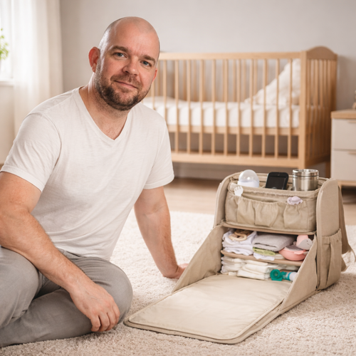 Le sac à langer organisé avec tapis de change intégré, pour retrouver l’essentiel en quelques secondes et changer bébé proprement, partout.
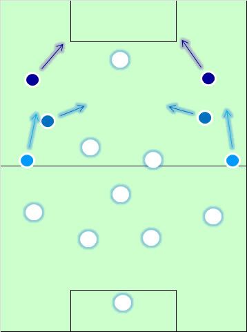 Роли фланговых игроков в системе «Челси» 4-3-3 различны. Голубым цветом обозначены крайние нападающие при Моуриньо. Они стартовали с позиций полузащитников, затем убегали вперёд и присоединялись к одинокому центрфорварду. Синие – половина-на-половину вингеры при Карло Анчелотти: широкая защита и смещения в центр для того, чтобы связывать среднюю линию и нападение. Фиолетовые – их возможные функции при Виллаше-Боаше, располагающиеся «высоко» и резко врывающиеся в штрафную.
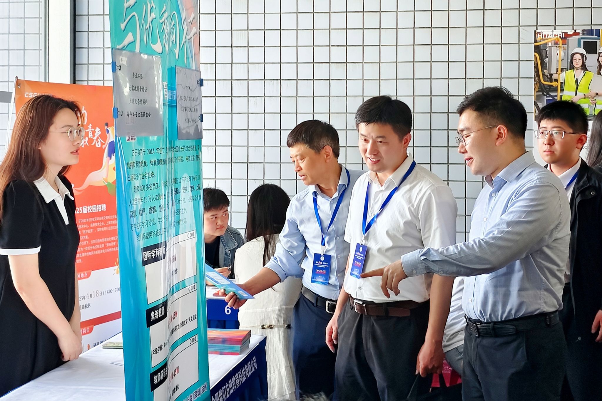 现场气氛浓厚,交流激烈,秩序井然。学生积极投递简历,主动同企业代表沟通。用人单位负责人热情解惑,详细讲述企业职能、岗位设置、薪酬发展等内容。各年级辅导员老师全程陪同,提供求职指导,鼓励学生自信参与。学院就业朋辈领航团队现场驻守,做好简历完善、物资保障等服务。

- - - - -

The whole listing above is to be printed exactly; the pictures stay out.

• _Solution to the exercise_
 Le sac à langer organisé avec tapis de change intégré, pour retrouver l’essentiel en quelques secondes et changer bébé proprement, partout.
 Роли фланговых игроков в системе «Челси» 4-3-3 различны. Голубым цветом обозначены крайние нападающие при Моуриньо. Они стартовали с позиций полузащитников, затем убегали вперёд и присоединялись к одинокому центрфорварду. Синие – половина-на-половину вингеры при Карло Анчелотти: широкая защита и смещения в центр для того, чтобы связывать среднюю линию и нападение. Фиолетовые – их возможные функции при Виллаше-Боаше, располагающиеся «высоко» и резко врывающиеся в штрафную.
 现场气氛浓厚,交流激烈,秩序井然。学生积极投递简历,主动同企业代表沟通。用人单位负责人热情解惑,详细讲述企业职能、岗位设置、薪酬发展等内容。各年级辅导员老师全程陪同,提供求职指导,鼓励学生自信参与。学院就业朋辈领航团队现场驻守,做好简历完善、物资保障等服务。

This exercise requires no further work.